*** Opening Dataset extract ***

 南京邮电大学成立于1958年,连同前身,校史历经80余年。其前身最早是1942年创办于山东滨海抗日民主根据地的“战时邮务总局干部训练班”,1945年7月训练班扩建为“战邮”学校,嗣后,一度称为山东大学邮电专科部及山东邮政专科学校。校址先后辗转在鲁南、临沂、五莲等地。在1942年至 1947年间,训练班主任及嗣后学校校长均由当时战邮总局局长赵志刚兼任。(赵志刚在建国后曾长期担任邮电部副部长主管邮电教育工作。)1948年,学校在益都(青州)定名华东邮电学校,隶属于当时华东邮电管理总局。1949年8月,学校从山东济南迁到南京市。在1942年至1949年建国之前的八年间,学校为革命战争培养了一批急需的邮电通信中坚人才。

*** Closing Dataset extract ***
*** Opening Dataset extract ***

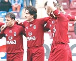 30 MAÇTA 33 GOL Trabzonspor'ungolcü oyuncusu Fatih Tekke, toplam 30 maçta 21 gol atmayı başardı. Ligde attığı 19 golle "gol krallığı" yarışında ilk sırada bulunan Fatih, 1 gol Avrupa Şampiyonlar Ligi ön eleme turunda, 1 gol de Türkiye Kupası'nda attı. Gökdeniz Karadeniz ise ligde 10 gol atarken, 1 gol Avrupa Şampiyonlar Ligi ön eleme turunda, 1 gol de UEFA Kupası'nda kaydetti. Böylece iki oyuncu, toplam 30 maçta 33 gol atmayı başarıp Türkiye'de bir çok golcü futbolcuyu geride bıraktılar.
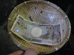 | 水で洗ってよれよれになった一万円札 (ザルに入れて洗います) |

*** Closing Dataset extract ***

# Task prompt:
For the material above, give again only the lines starting at the line that contains "30 MAÇTA 33 GOL Trabzonspor'ungolcü" and ending at the line that contains "水で洗ってよれよれになった一万円札 (ザルに入れて洗います) |". Pictures do not belong in the copy.

# Result below:
 30 MAÇTA 33 GOL Trabzonspor'ungolcü oyuncusu Fatih Tekke, toplam 30 maçta 21 gol atmayı başardı. Ligde attığı 19 golle "gol krallığı" yarışında ilk sırada bulunan Fatih, 1 gol Avrupa Şampiyonlar Ligi ön eleme turunda, 1 gol de Türkiye Kupası'nda attı. Gökdeniz Karadeniz ise ligde 10 gol atarken, 1 gol Avrupa Şampiyonlar Ligi ön eleme turunda, 1 gol de UEFA Kupası'nda kaydetti. Böylece iki oyuncu, toplam 30 maçta 33 gol atmayı başarıp Türkiye'de bir çok golcü futbolcuyu geride bıraktılar.
 | 水で洗ってよれよれになった一万円札 (ザルに入れて洗います) |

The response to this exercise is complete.